Device UUID


Team Member
This discussion was created from comments split from: Command line tool version 1.1.0.


  • edited June 13

    What's the proper way to generate a device UUID with v1.1.0?

    Previously, I was able to run the following in a Continuous Integration runner (GitHub Actions):

    eval $(printf '%s' "${OP_TEST_PASSWORD}" |op signin "${OP_TEST_ACCOUNT}" "${OP_TEST_SECRET}")

    With 1.1.0 this now fails with:

    [ERROR] 2020/06/13 16:40:41 No saved device ID. Set the OP_DEVICE environment variable and try again: `export OP_DEVICE=xxxxxxxxx`

    How should one bootstrap the device ID on a CI runner? Parsing it out of the error message, setting the environment variable, and retrying doesn't feel like a good workflow.

  • felix_1pfelix_1p

    Team Member

    Parsing it out of the error message, setting the environment variable, and retrying doesn't feel like a good workflow.

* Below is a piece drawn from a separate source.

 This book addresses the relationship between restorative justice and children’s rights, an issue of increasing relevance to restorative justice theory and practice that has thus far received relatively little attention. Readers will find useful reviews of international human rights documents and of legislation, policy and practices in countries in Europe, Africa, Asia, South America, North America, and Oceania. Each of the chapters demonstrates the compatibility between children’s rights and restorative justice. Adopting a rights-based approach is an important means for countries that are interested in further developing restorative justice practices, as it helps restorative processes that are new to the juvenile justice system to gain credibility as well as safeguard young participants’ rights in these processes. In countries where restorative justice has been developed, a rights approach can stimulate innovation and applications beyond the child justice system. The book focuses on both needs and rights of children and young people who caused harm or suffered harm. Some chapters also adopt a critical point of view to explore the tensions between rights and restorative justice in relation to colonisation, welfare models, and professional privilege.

    You are right, and that's not how it's intended to be used. For a CI environment, the idea is that you are reusing the same device UUID across all CI runs. Otherwise, and that's what is currently happening in your case I assume, a new device will be registered for every container.

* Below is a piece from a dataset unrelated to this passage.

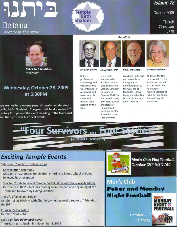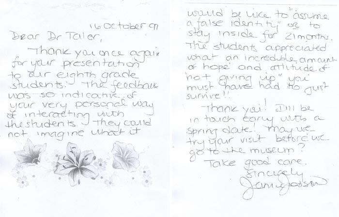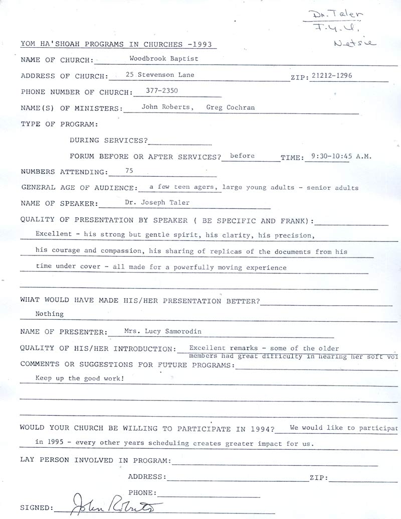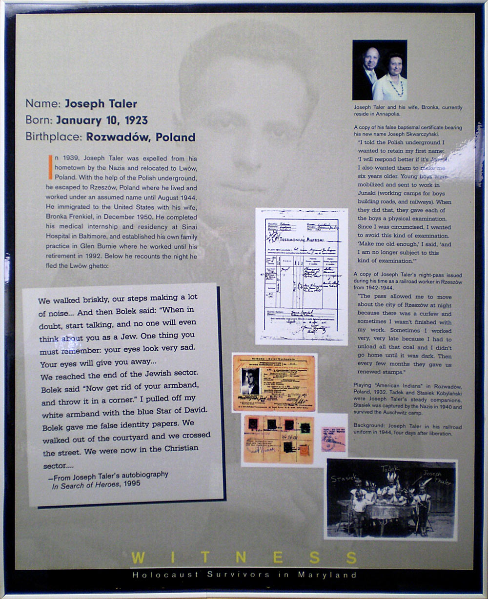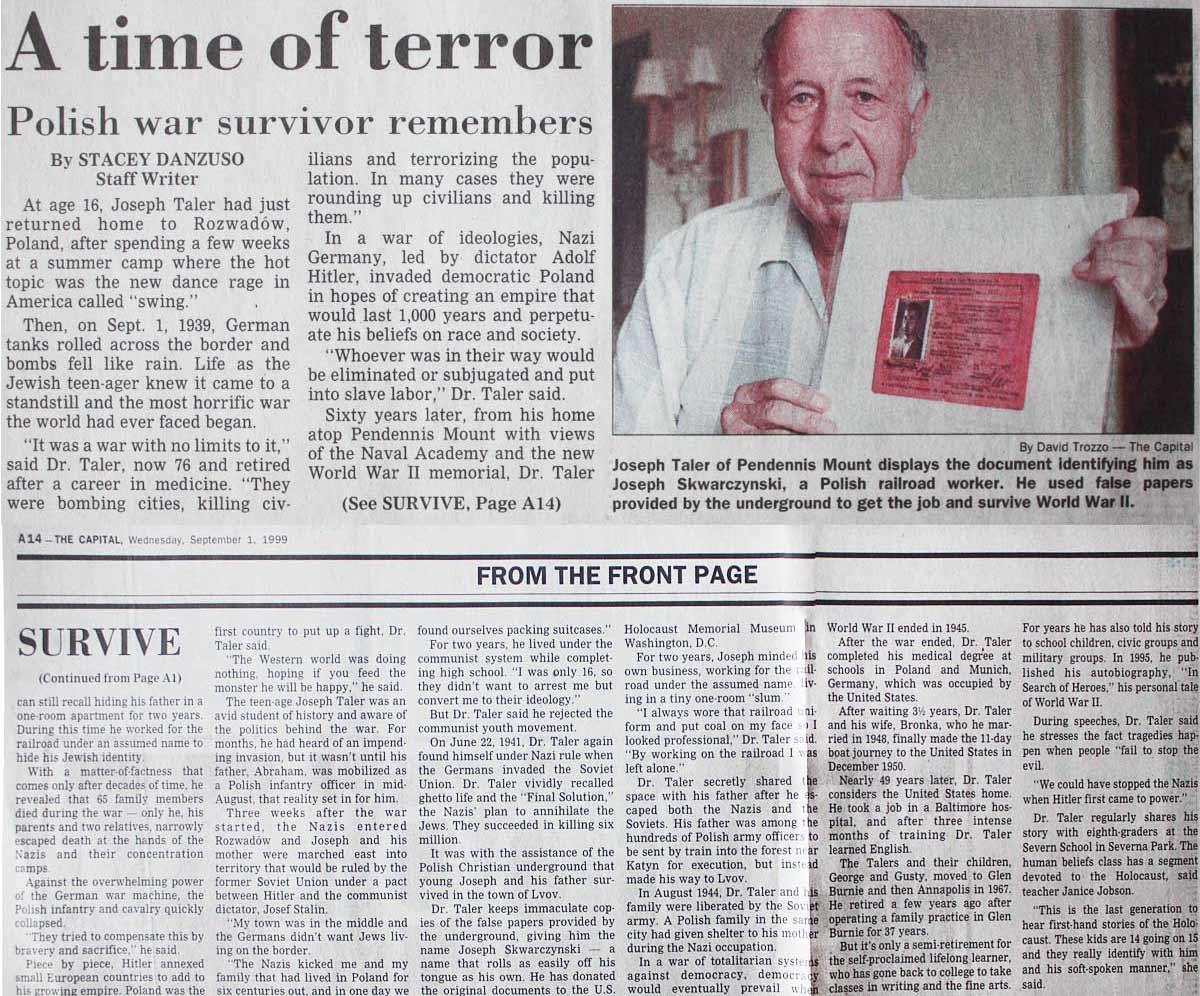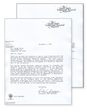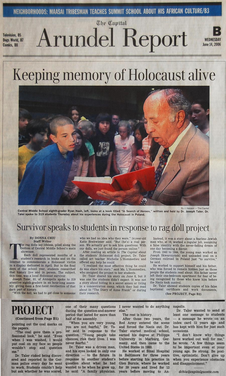 ![]() Four Survivors ... Four Stories Panel Discussion at Temple Beth Shalom October 28, 2009 Early in 2009 Rabbi Ari Goldstein asked me to organize an educational event commemorating the Holocaust. We decided to put it into a broader historical context and to use a prospective panel format. I knew three panelists of different backgrounds and different war experiences. Four of us would respond spontaneously to questions put by Rabbi Goldstein and the members of the audience which included students and people of various occupations and religious interests. About 300 people attended. Arrangements were made by Karen Brachmen, Administrator and Doreen Noel, Office Coordinator. Those who attended expressed many, many thanks for this extraordinary experience. ![]() Rabbi Goldstein's Column click image to enlarge ![]() Rabbi Goldstein's Letter click image to enlarge ![]() click image to enlarge Yom Ha'Shoah Programs in Churches, 1993 ![]() click image to enlarge Thank You Letter Reverend Robert E. Albright Division of Catholic Education Ministries ![]() click image to enlarge Thank you letter John C. Bodly History Deptartment Chair, Severn School ![]() click image to enlarge Thank you letter Janice Jobson The Teacher of Introduction to Human Beliefs, Severn School. Joseph has worked with her since April of 1997. "I have been teaching these classes every year for thirteen years. Introduction to Human Beliefs deals with aspects of life which for the most part are beyond the middle school curriculum." - Joseph ![]() click image to enlarge Thank you letter Janice Jobson The Teacher of Introduction to Human Beliefs, Severn School. Joseph has worked with her since April of 1997. "I have been teaching these classes every year for thirteen years. Introduction to Human Beliefs deals with aspects of life which for the most part are beyond the middle school curriculum." - Joseph ![]() click image above to enlarge Montgomery County Public Schools Evaluation ![]() click image above to enlarge Supervisor Letter Sandra S. Days ![]() click image to enlarge the 2 letters - click "next" to view second letter 2 letters to Dr. Joseph Taler The United States Holocaust Memorial Museum ![]() click image to enlarge Thaler's and Talers Cindy Fox, Lisa Thaler (Genealogist and Author), Lt. Col. David Fox, Martin Thaler (Lisa’s husband and my third cousin) holding their son Henry Thaler David Fox established a link between Joseph and the Thaler Family. Photo taken by Joseph at Joseph and Bronka’s home in Annapolis, 2000 |

    So create the OP_DEVICE environment variable with the value from the error message in your GitHub actions configuration just once and it should work as expected.

  • edited June 19

    In the case of GitHub actions, it's a brand-new ephemeral VM for each CI run instead of a container.

    What's the schema for a valid OP_DEVICE UUID value? It doesn't appear to be a hyphenated string of hex digits that I'm used to seeing.

  • Matthew_1PMatthew_1P

    Team Member

    @csharpsteen You should be able to use the same device UUID even if it's a brand-new ephemeral VM rather than a container - did you manage to get this working?

    The device UUIDs are base 32 encoded (following the definition in RFC 4648, but with lowercase characters). The actual UUID data is purely random, so it doesn't follow RFC 4122 (which is the UUID format you'd normally see hyphenated and hex encoded).

  • felix_1pfelix_1p

    Team Member
    edited June 22

    @csharpsteen You can just reuse one of the UUIDs included in the error output: export OP_DEVICE=xxxxxxxxx.

  • @Matthew_1P Thanks! I was able to generate a value with:

    head -c 16 /dev/urandom | base32 | tr -d = | tr '[:upper:]' '[:lower:]'

    I could copy a value from the error output, but it is nice to know how to produce one from scratch. Easier to rotate if that is ever needed.

  • BenBen AWS Team

    Team Member

    Glad to hear that worked out, and thanks for sharing that command, @csharpsteen. :) Hopefully that helps anyone else who might be looking to do the same.